"Abandon Hype All Ye Who Enter Here!"

Steppenwolf

"Eternity is a mere moment; just long enough for a joke!"

Thursday, February 25, 2010

Like a Ham-Strung Faun!

The Canadians won against the Russians last night. Vangelli’s lost. I couldn’t believe the cars on Broadway! I had to park three blocks away; everyone was out in the bars watching the hockey/Olympics. That meant that, ‘Refuse to Sit Down’, had an almost empty house. The crowd wasn’t there, and, neither were most of the comics. It was just myself, ‘The Knight of the Dark Countenance’, and, ‘The Knight of Much Menace.’ To put together a show our ‘Court Jester’ made a last minute call, and, ‘The Black Knight’, sauntered in, late, to save the day.


It was fun, but very difficult to get a strong audience reaction. Nobody was sitting at the tables immediately in front of the stage; that meant a huge distance between the comic and his audience. I even took the Mike for a waltz around the dance floor to get a little closer; it didn’t help much. Bad audience? No! Bad comedian! However, I did get to try a lot of new stuff. I have some really awkward puns, and they’re awkward because, to be believable, I have to appear not to quite understand what I’m saying. So, I put Julie in my act:

“My wife is supportive.
I couldn’t do this without her.
Because ...she writes all my lines!
Says she feels like a ventriloquist!
What does that make me!!!???
She says I’m just her, lil’ Delivery Boy!”
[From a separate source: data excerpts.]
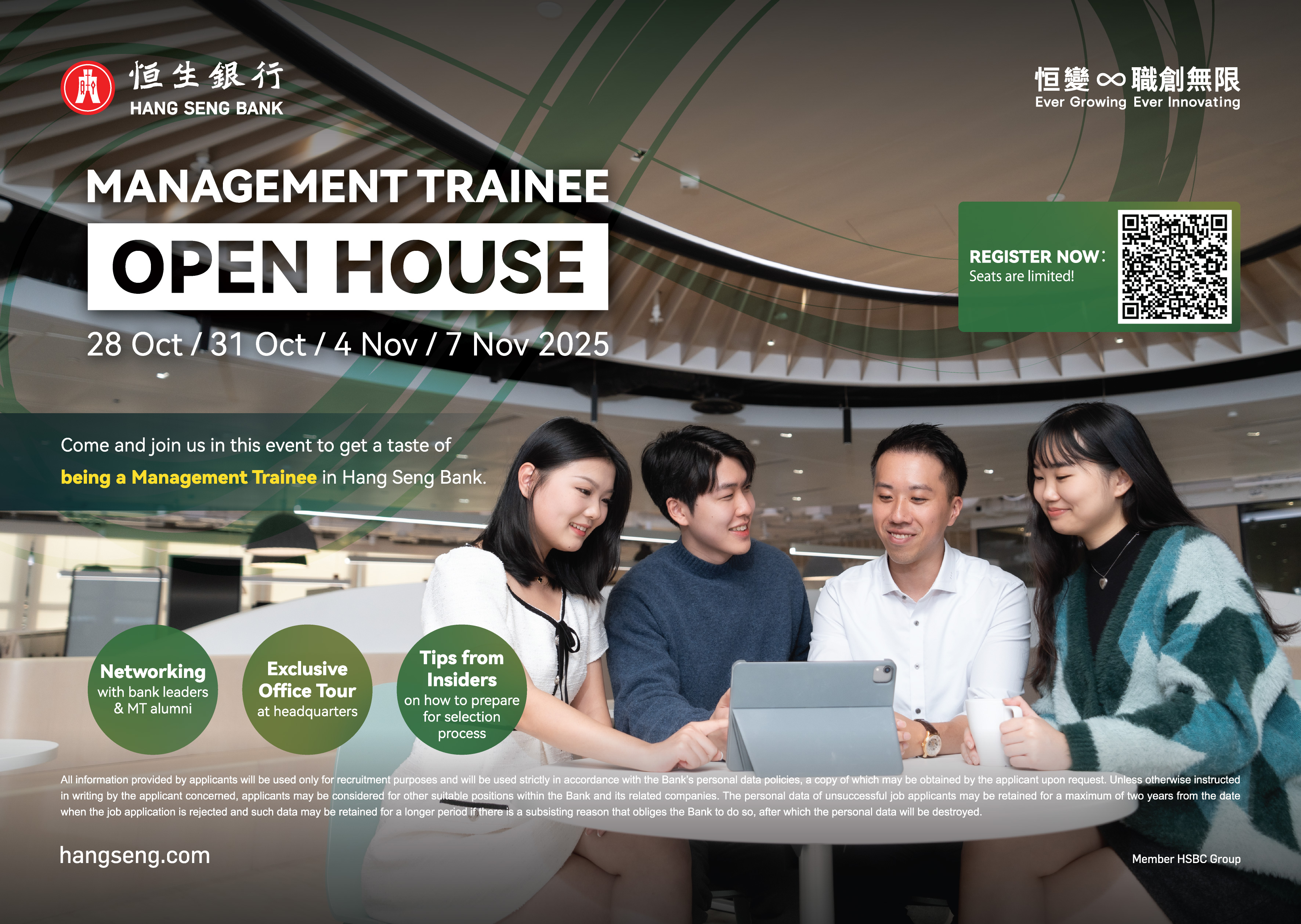 Are you ready to step out from school and kickstart your career journey? Come and join us in the open house event to get a taste of being a Management Trainee (MT) in Hang Seng Bank.
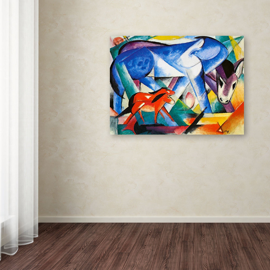 Die Komposition des Werkes ist ein Wunderwerk dynamischen Gleichgewichts. Beeinflusst von Kubismus und Futurismus fragmentiert Marc den Raum in winklige Ebenen, die rhythmisch miteinander verflochten sind. Der Blick wird sofort auf die imposante Figur eines blauen Pferdes gelenkt, das die Szene dominiert, dessen Körper sich mit monumentaler Anmut wölbt und einen fast mütterlichen Schutz über die kleinen roten Pferde im Vordergrund suggeriert. Diese Interaktion von Maßstäben und Formen schafft eine Tiefe, die nicht von der traditionellen Perspektive abhängt, sondern von der Überlagerung chromatischer Energien. Die Tiere scheinen aus der Erde selbst emporzusteigen, integriert in eine Landschaft aus Prismen und Lichtstrahlen, die andeuten, dass es keine Unterscheidung zwischen dem Lebewesen und seiner Umgebung gibt.
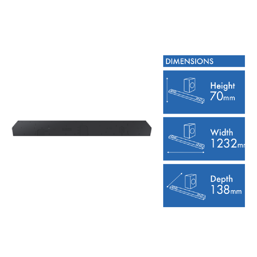 Product Width (mm) Soundbar 1232 Subwoofer 220 Rear Speakers 129.5
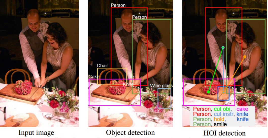 图 1:人 - 物体交互检测。给定输入图像(左)和图像中检测到的对象实例(中),利用本文提出的模型检测并识别每个人之间的交互以及与他们交互的物体(右)。
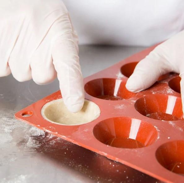 Silikonski model in pekač tartlet, dimenzije 30x18cm, s 15 vtisi stožičaste oblike dimenzije 50x15mm, ter volumna 20ml.
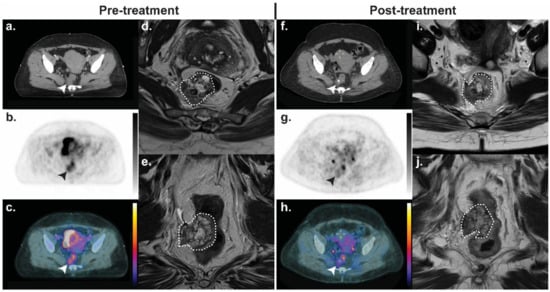 - Joye, I.; Deroose, C.M.; Vandecaveye, V.; Haustermans, K. The role of diffusion-weighted MRI and 18F-FDG PET/CT in the prediction of pathologic complete response after radiochemotherapy for rectal cancer: A systematic review. Radiother. Oncol. 2014, 113, 158–165. [Google Scholar] [CrossRef] [PubMed]

I did get laughs ...but no roars! More important, I got through the material in a way that was acceptable to me. I was amazed that the strongest reaction was where I f—ked up. Audiences love to see a comic sweat; it’s kind of perverse actually. So ...I faked a sweat! I told them that our, writer/delivery boy, arrangement worked well ...except when we argued, then I never know what I’m going to say! “We argued this morning”, I said, “and she said the most hurtful thing!” “She said that I...” and here I ‘forgot’ my line, looked desperate ...finally pulled out a card ...realized it was a totally bizarre shopping list ...fired it at the wall ...and finally admitted that I couldn’t go on! Did they swallow it? Pretty much; they were moving in like a pack of wolves circling a ham-strung faun; wouldn't that get your goat?! Then ...I remembered!

Next week is the extravaganza! Three television cameras, and, hopefully, a packed house! I had a chat with our ‘Court Jester’; he’s a clever boy, and I’ll have to re-think this whole contest. I’m sick of re-thinking! I wish I could get it right the first time! I’d thought that the event would be decided by an audience vote; ...not the case! CJ told me that it would be judged. “Where”, I asked, “do you find judges for a comedy contest? His answer showed just how clever our CJ is: “Booking Agents!” That really will even out the playing field. I don’t like taking comedy seriously ...but now ...I’ll have to!